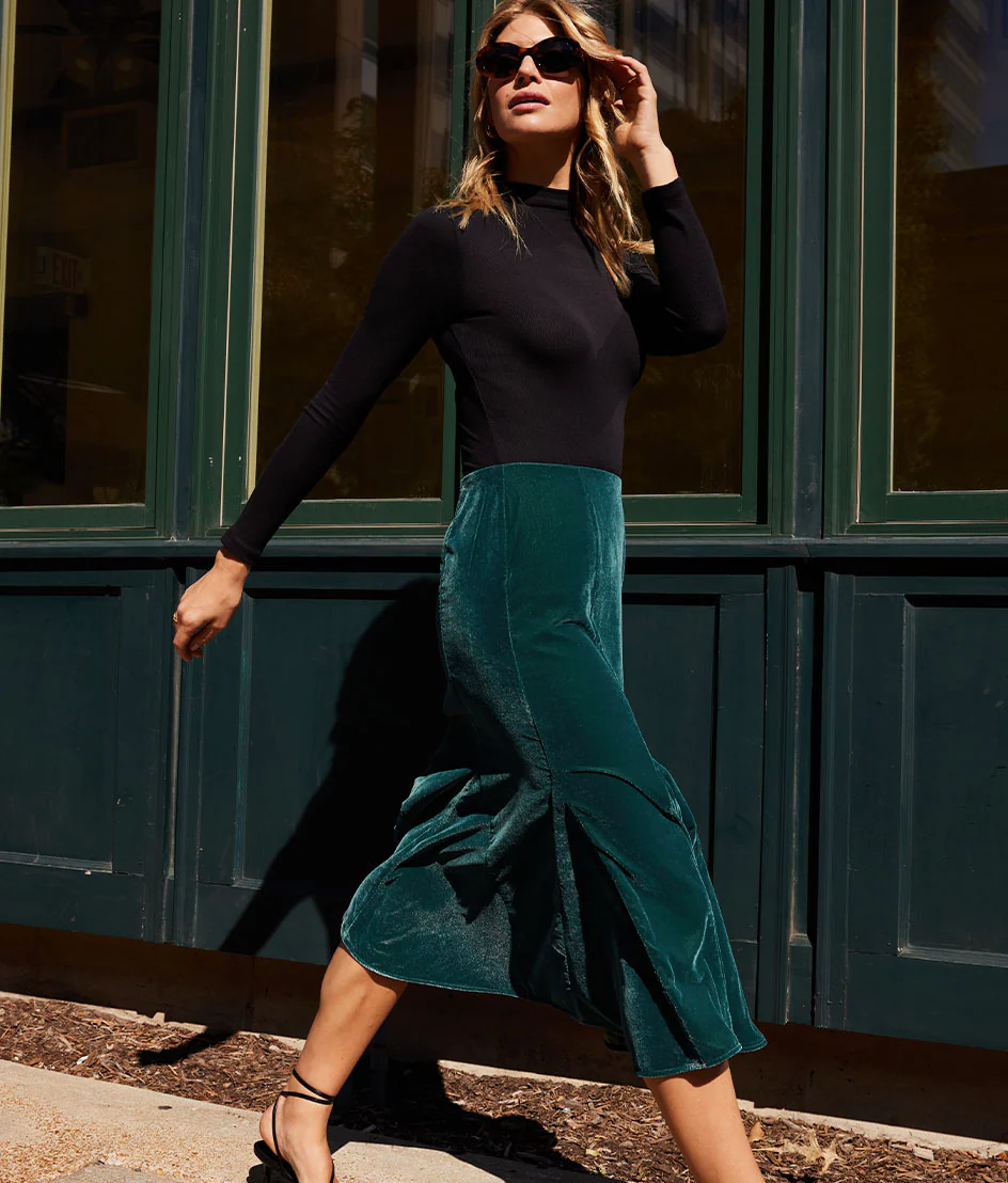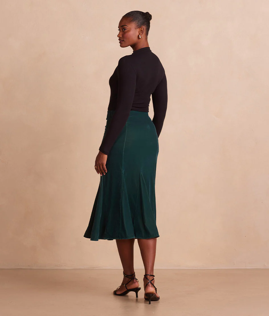 The Sustainable Velvet Collection Midi Skirt – Pine
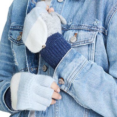カラー ブルー×オフホワイト×グレー 仕様 ミトンの部分を取り外して、スマートフォン(スマホ、タッチパネル)の操作が可能です。
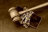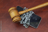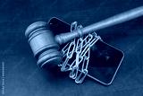 Censorship, law and court verdict concept. Judge gavel on chained broken smartphone on table.
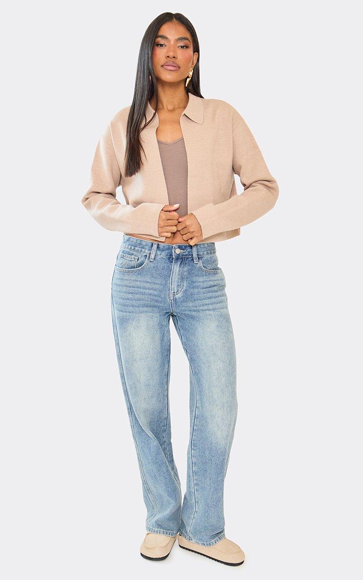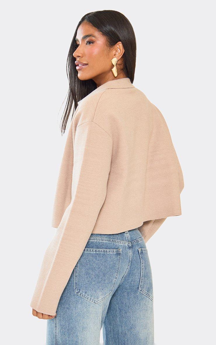 Long Sleeve Collared Detail Boxy Jacket In Beige Compact Knit
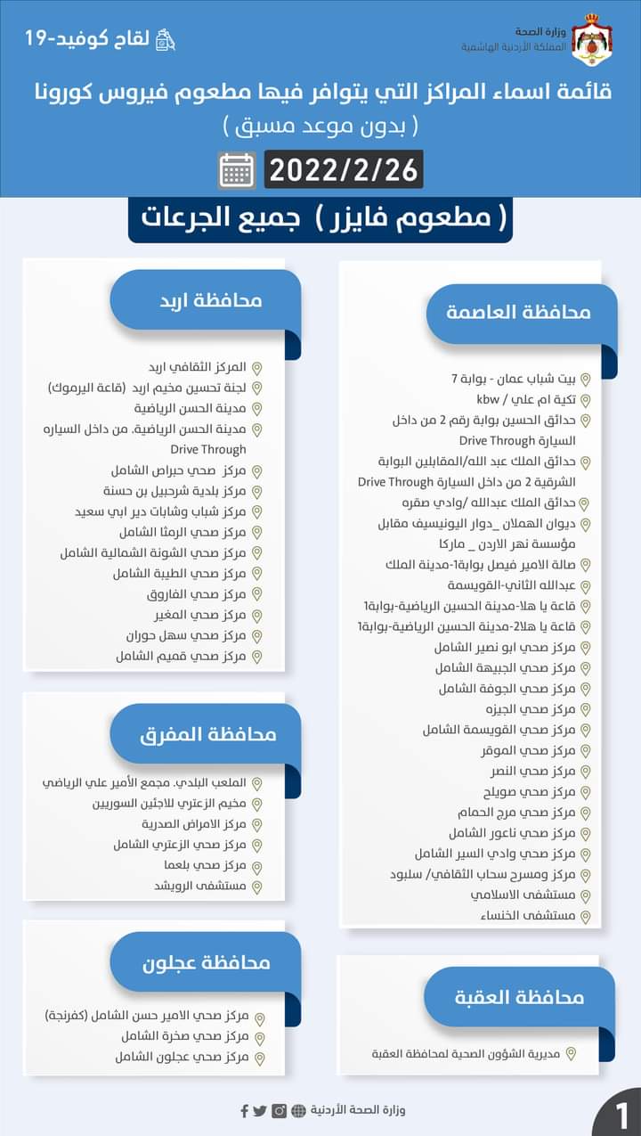 أعلنت وزارة الصحة عن قائمة أسماء المراكز التي يتوافر فيها مطعوم فيروس كورونا (بدون موعد مسبق) وبجميع الجرعات ليوم غد السبت .

********************

- Exercise directions: Give back the full listing above word for word, and let no picture through.

- Response for this exercise:
 The Sustainable Velvet Collection Midi Skirt – Pine
カラー ブルー×オフホワイト×グレー 仕様 ミトンの部分を取り外して、スマートフォン(スマホ、タッチパネル)の操作が可能です。
 Censorship, law and court verdict concept. Judge gavel on chained broken smartphone on table.
 Long Sleeve Collared Detail Boxy Jacket In Beige Compact Knit
 أعلنت وزارة الصحة عن قائمة أسماء المراكز التي يتوافر فيها مطعوم فيروس كورونا (بدون موعد مسبق) وبجميع الجرعات ليوم غد السبت .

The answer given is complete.